Walls Enclosing Privy Garden Immediately To South Of The Inner Court Of Thornbury Castle is a Grade I listed building in the South Gloucestershire local planning authority area, England. A C16 Garden wall.

Walls Enclosing Privy Garden Immediately To South Of The Inner Court Of Thornbury Castle

WRENN ID
lunar-vault-twilight
Grade
I
Local Planning Authority
South Gloucestershire
Country
England
Type
Garden wall
Source
Historic England listing

Description

Walls Enclosing Privy Garden Immediately to South of the Inner Court of Thornbury Castle

These garden walls partly date from circa 1511–21, with later restoration and alterations, and partly from the 19th century. They are built of stone rubble, including pennant, lias and limestone, with ashlar dressings. The western portion stands 4–5 metres high, while the eastern portion is about a metre lower. The embattled parapet features an ashlar coping on the eastern portion.

The walls form a rectangular enclosure oriented west to east, narrowing towards the west. The southern range of Thornbury Castle's inner court (itself listed at Grade I) completes the north-western portion of the enclosure. The walls immediately south of the south range enclose the privy garden; the eastern section, enclosing the area known as the 'goodly garden', is slightly lower. The walls have undergone considerable repair and rebuilding throughout their history. The north-west portion of the eastern section was built following the demolition of the medieval east range and the Duke of Bedford's lodgings, which formerly occupied this area. The two parts of the garden were originally divided by a two-storey timber cloister, which ran southwards from the south-east corner of the castle's south range and continued around the southern and eastern garden walls, meeting the south range again at its south-west corner.

Western (Privy Garden) Walls

This portion features extra internal coped buttressing, probably relating to the lost gallery. The position of the upper storey of the gallery is indicated by window and door openings punctuating the walls, and by first-floor door openings at the west and east ends of the castle's south range.

In the western wall are cusped, four-centred arched windows in pairs, with a group of three pairs separated by moulded brackets to the south and two pairs separated by a buttress further north.

A 1732 engraving of the castle by S and N Buck indicates significant alterations to the south wall of the privy garden since that date. At the centre of the south wall is a triangular gable, not shown in the Buck engraving, which has been heightened. Below this is a doorway believed originally to have given access to a raised walkway leading across the churchyard to the church's east end. The limestone doorcase has a four-centred arch with hollow spandrels; the lower parts of the frame appear to have been replaced, and bars have been inserted in the opening. The south wall also contains three five-light canted oriel windows—one to the west and two to the east—with a concave moulding to the lights on the inner, northern side.
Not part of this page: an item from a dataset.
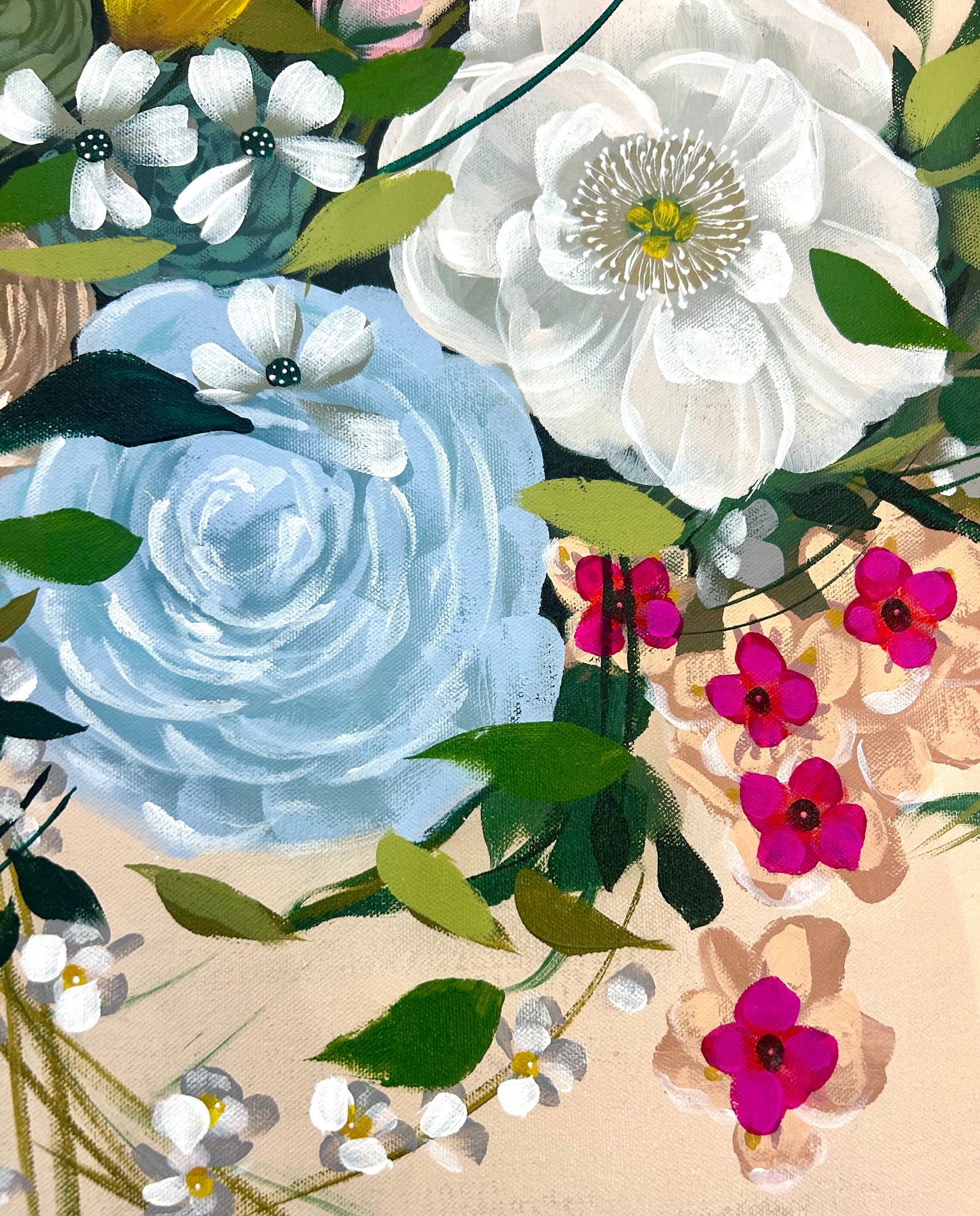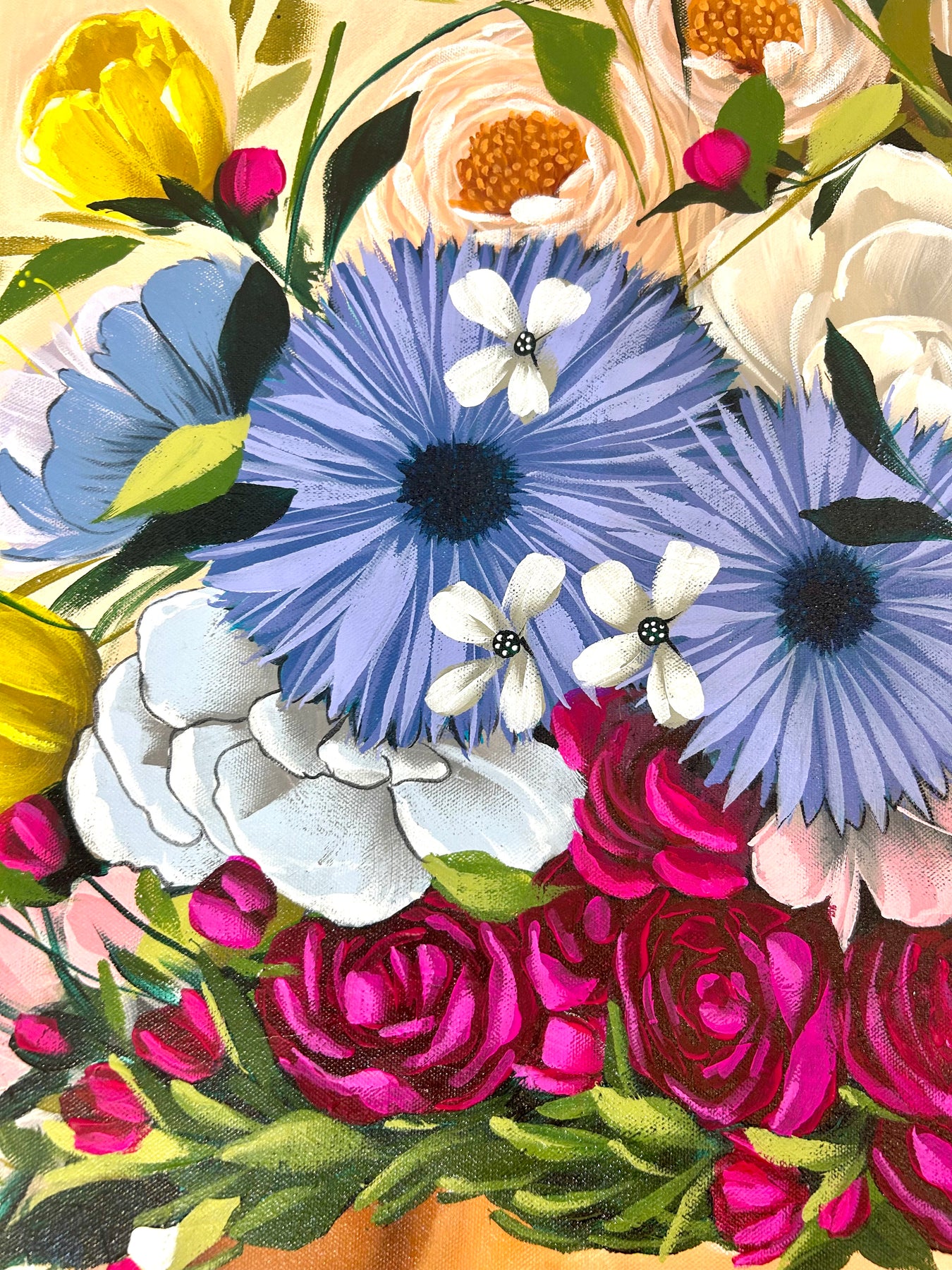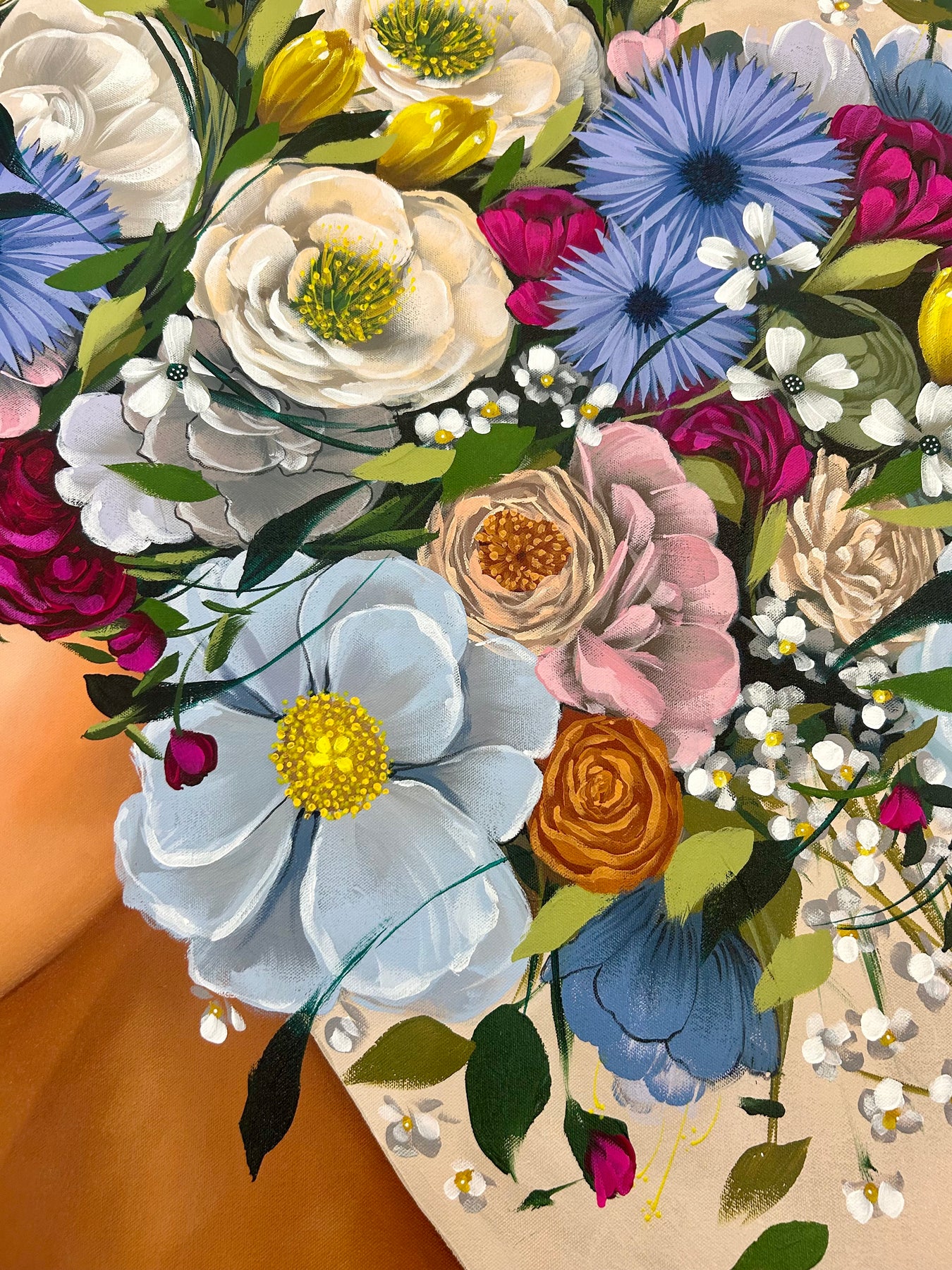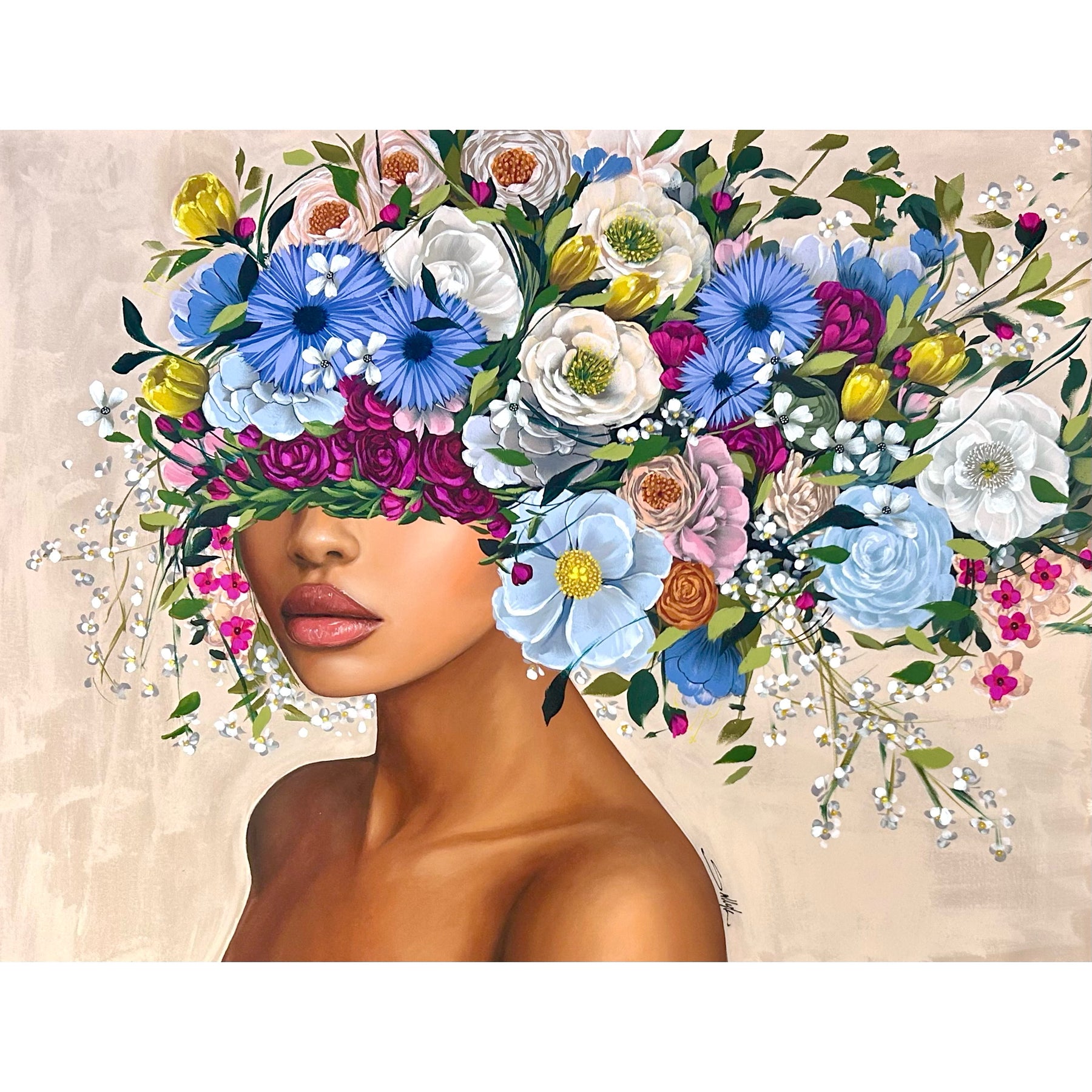 Lebanese portraiture artist Sally Khoury (Sally K) paints the feminine gaze in vivid color. Taking inspiration from fashion, pop culture, and photography, Khoury blends realistic and abstract elements to communicate the totality of the female form, which is often both mischievous and serious, sensual and aloof. Her paintings can be found in the private collections of American pop stars Jesse McCartney and Kelly Clarkson.

The oriel to the east of the central doorway has a stone-tiled roof, while in those furthest west and furthest east the arches are exposed. Buck's engraving shows the openings sheltered by small roofs, but an 1832 survey drawing made under the direction of A W N Pugin of the easternmost example indicates that at that time the windows were crowned by crenellations. Below the easternmost window is a four-centred arched doorway in a moulded frame with a hoodmould. Evidence in the stonework between the central doorway and the window to its east, on the northern face of the wall, appears to indicate the presence of a blocked ground-floor opening, though there is no evidence of this on the southern face. A continuous moulded string runs along the south elevation of the south wall.

Eastern (Goodly Garden) Walls

The lower eastern portion of the walls abuts the southern privy garden wall at its eastern end and continues around the area known as the 'goodly garden' to join the south range of the inner court at its eastern end. A wide pointed-arched opening provides access between the inner court and the privy garden; this arch and its surrounding wall are thought to date from the 19th century. Immediately to the east of this archway the wall turns northwards for a short distance, before turning at a right angle to continue eastwards. Set in the short westward face is a small arched doorway with hollow spandrels, apparently belonging to the castle's early 16th-century phase. However, the western section of the garden's north wall is later than the rest of the wall, having been built to fill the gap left by the demolition of the east range and its associated buildings; a straight joint marks the junction of the two phases approximately 18 metres to the east of the south range.

At the southern end of the eastern wall is a small door opening, which originally led to an area occupied by orchard. Set within the walls at this end of the garden enclosure are pointed-arched bee boles, approximately 1 metre above ground level and 4 metres apart. A small stone single-storey structure with a lean-to roof, a doorway and a small arrow-loop window occupies the south-east corner of the walls; this is thought to post-date 1921, replacing an earlier structure. Built against the north wall towards the west of the goodly garden is a small timber-framed garden shelter in Arts and Crafts style with a lean-to roof of Cotswold stone.

Wall at South-West Boundary of Outer Court

Attached to the south-west end of the western garden wall is a lower wall, shown on the Buck 1732 engraving, which forms the northern boundary between the castle grounds and the churchyard; this extends westwards as far as the western drive, where it connects with the western churchyard wall.